◆ YOUR INSTRUCTIONS
Go to the line with "In a vast field, a" in the material below and copy from there through the line with "Горячий перец. красно-зеленый.", exactly. Pictures are not copied.

◆ SOURCE RECORDS
▼
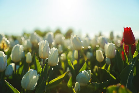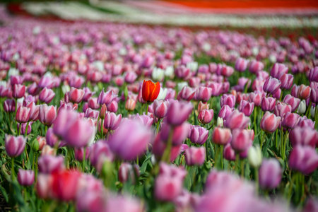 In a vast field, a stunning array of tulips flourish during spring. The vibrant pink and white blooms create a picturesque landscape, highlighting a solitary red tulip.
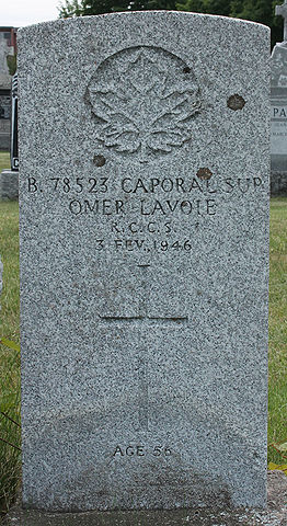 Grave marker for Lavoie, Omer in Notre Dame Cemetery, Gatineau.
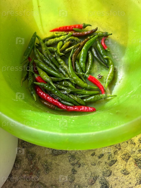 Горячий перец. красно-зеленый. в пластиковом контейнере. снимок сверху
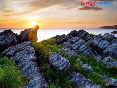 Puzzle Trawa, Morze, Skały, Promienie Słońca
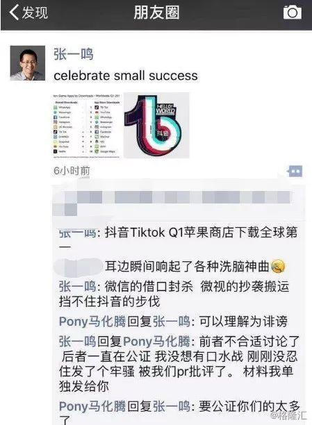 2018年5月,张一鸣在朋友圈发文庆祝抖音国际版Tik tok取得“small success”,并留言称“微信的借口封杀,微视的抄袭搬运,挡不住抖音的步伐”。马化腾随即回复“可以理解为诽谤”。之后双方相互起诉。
▲
▼
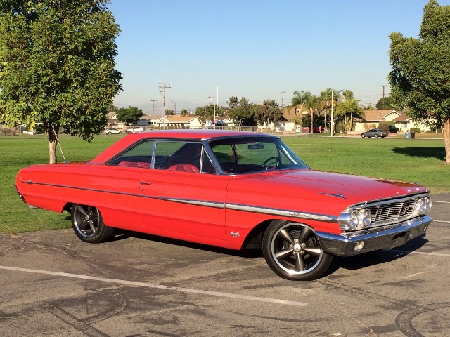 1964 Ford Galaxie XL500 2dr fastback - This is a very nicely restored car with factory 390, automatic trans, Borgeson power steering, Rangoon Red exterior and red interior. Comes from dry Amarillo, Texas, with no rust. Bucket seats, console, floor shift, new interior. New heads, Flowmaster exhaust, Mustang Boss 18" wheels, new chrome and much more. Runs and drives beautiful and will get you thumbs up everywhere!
▲
◆ RESPONSE BELOW
 In a vast field, a stunning array of tulips flourish during spring. The vibrant pink and white blooms create a picturesque landscape, highlighting a solitary red tulip.
 Grave marker for Lavoie, Omer in Notre Dame Cemetery, Gatineau.
 Горячий перец. красно-зеленый. в пластиковом контейнере. снимок сверху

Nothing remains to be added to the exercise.